Assignment:
Among the lines below, copy exactly those from the one with "SA-069 □60 H80*W64" through the one with "Attica Prison uprising, 1971", counting both ends.

(Dataset records)
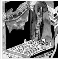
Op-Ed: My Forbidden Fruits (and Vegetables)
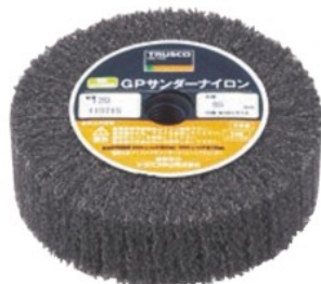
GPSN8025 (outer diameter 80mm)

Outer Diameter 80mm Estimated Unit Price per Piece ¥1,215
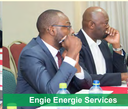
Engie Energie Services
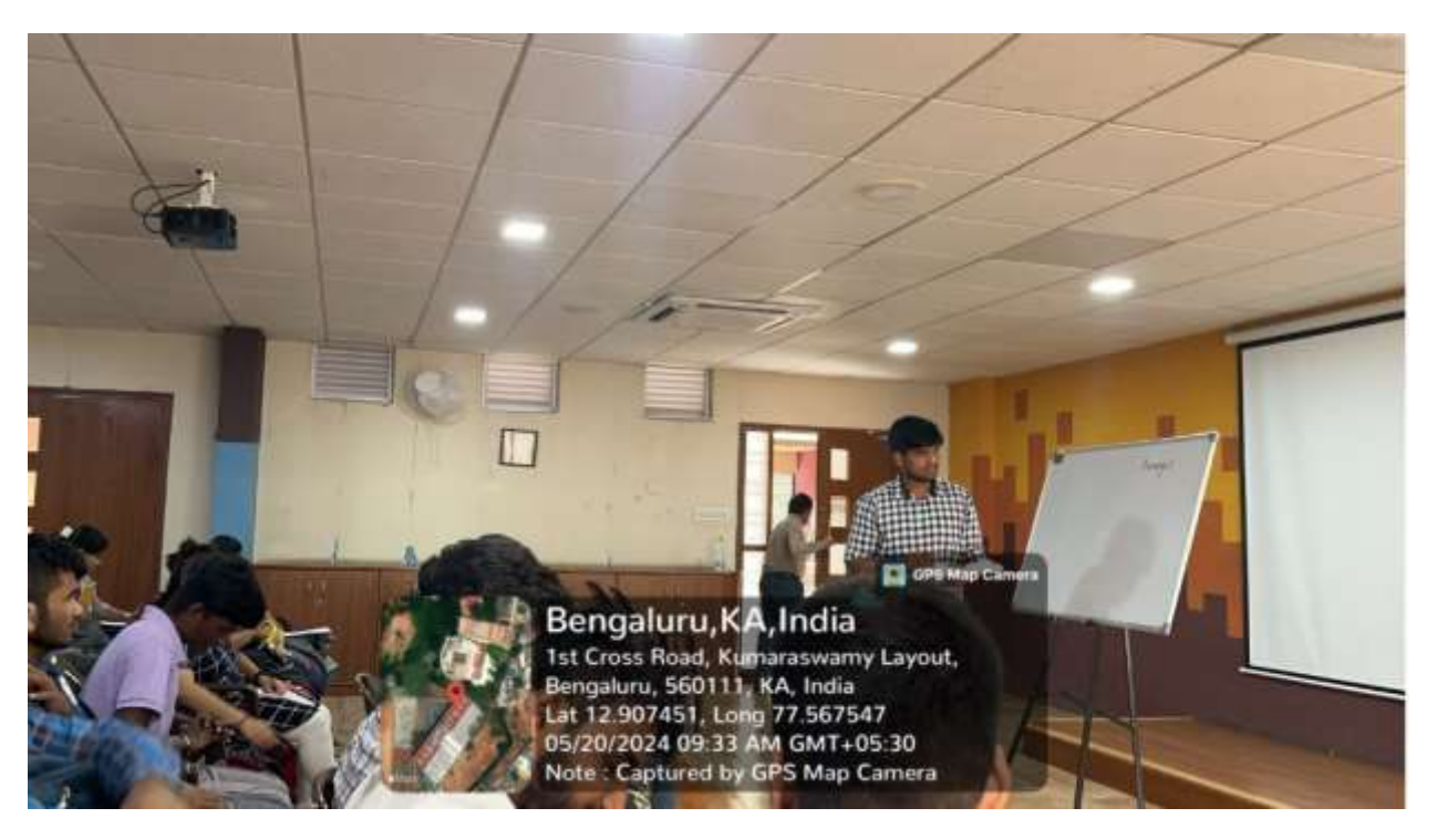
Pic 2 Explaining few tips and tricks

==

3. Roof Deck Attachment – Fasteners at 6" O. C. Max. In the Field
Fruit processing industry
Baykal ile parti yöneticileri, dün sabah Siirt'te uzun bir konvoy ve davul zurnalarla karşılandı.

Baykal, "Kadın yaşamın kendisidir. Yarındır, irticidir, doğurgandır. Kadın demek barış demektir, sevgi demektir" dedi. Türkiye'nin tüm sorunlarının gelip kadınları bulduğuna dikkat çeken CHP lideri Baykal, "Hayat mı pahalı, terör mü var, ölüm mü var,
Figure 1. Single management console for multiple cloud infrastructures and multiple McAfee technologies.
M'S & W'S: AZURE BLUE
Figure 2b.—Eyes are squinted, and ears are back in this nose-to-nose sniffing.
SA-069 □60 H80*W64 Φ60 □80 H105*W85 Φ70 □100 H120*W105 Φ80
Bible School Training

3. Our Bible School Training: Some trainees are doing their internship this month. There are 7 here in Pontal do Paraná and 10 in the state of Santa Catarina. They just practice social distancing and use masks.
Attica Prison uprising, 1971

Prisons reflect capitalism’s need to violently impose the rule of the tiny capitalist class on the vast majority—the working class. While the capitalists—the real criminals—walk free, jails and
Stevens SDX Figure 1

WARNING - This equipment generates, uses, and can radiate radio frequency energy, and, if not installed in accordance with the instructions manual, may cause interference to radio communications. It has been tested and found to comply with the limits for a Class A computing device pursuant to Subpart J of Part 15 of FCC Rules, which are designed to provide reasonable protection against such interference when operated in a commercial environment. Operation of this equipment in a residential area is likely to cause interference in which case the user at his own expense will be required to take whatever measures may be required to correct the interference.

Response to this exercise:
SA-069 □60 H80*W64 Φ60 □80 H105*W85 Φ70 □100 H120*W105 Φ80
Bible School Training

3. Our Bible School Training: Some trainees are doing their internship this month. There are 7 here in Pontal do Paraná and 10 in the state of Santa Catarina. They just practice social distancing and use masks.
Attica Prison uprising, 1971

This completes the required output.